Unnamed: 0,Year,Month,Week Day,Duration,Cost,Team Member,Height,Frequency,Signal Strength,Antenna Type,Orientation,Power Supply,Zone
0,2019,3,0,241.0,516773.0,12.0,24.0,Very Low Frequencies (VLF),3,Dielectric,Omni-directional,Solar-powered,North
1,2019,10,2,608.0,954888.0,22.0,42.0,Very Low Frequencies (VLF),3,Dielectric,Circular,Active,Center
2,2019,6,5,772.0,932640.0,14.0,43.0,Very High Frequencies (VHF),3,Printed Circuit Board (PCB),Horizontal,Active,Center


## 3 - Correlation Analysis

for analysin the correlation, we should consider the data type. The target variable is cost that is numerical, and also we have other variables that are numerical and categorical.
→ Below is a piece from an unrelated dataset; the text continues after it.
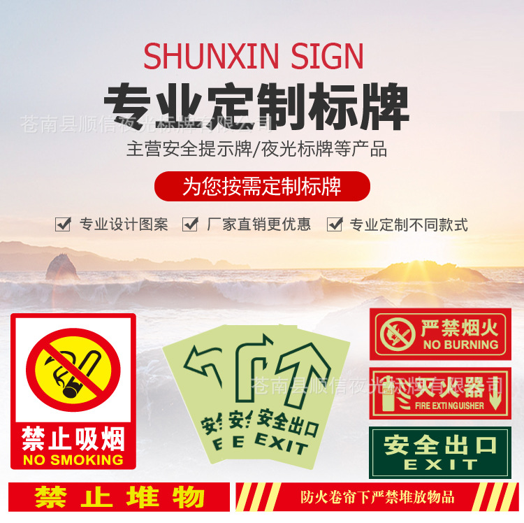 苍南县顺信夜光标牌有限公司主要生产加工安全提示牌,警告牌,禁止牌,夜光出口牌,消防提示牌,告示牌等产品,公司可为客户提供灵活的合作方式,可承接来样定制,也可为客户开发设计。夜光始终坚持“用户至上,以质量求生存”的宗旨,保持优质的产品、优惠的价格、优良的服务,以“不断创新、开拓进取”为奋斗目标,本着“和善、敬业、拼搏、超前”的理念,愿与各界朋友真诚合作,携手共进、共展宏图。欢迎各界朋友莅临参观、指导和业务洽谈。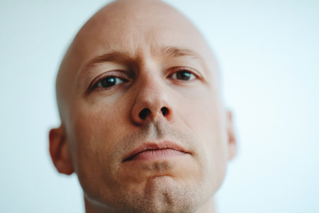 Close-up of man with noticeable hair loss or alopecia, head isolated on white background, showing baldness and condition.

Based on the correlation rules:
*   Cost ~ Numerical variable : Pearson Correlation
*   Cost ~ Categorical variable : Anova Test

### 3.1 - Pearson Correlation

the numerical variables are (except target):
*   Duration
*   Team Member
*   Height

In [None]:
pearson_cor = df[['Cost' , 'Duration' , 'Team Member' , 'Height']].corr()

In [None]:
pearson_cor

Unnamed: 0,Cost,Duration,Team Member,Height
Cost,1.0,0.930659,-0.035774,-0.078127
Duration,0.930659,1.0,-0.029385,-0.069128
Team Member,-0.035774,-0.029385,1.0,0.021704
Height,-0.078127,-0.069128,0.021704,1.0


the dependent (target) variable is cost and other variabes are independent. so let's see the correlation score just for cost.

In [None]:
pearson_cor['Cost'].sort_values

<bound method Series.sort_values of Cost           1.000000
Duration       0.930659
Team Member   -0.035774
Height        -0.078127
Name: Cost, dtype: float64>

we can interpret the result of the table:
*   there is very strong relationship between Cost ~ Duration, and this relationship is positive
*   there are very weak relationships between Cost ~ Team Member & Height, and these relationships are negative.

### 3.2 - Anova Test

now we use Anova Test to determine if there is a significant difference between the means of all pairwise categorical variables combinations. the categorical variables are:
*   Year
*   Month
*   Week Day
*   Frequency
*   Signal Strength
*   Antenna Type
*   Orientation
*   Power Supply
*   Zone


the ANOVA test is looking for analysis the variance differeneces between all groups of a categorical variable. It uses the hyphothesis test to realize that, and it should be run for all categorizal variables to see whether they are important for project or not (in terms of predicting cost, in this project).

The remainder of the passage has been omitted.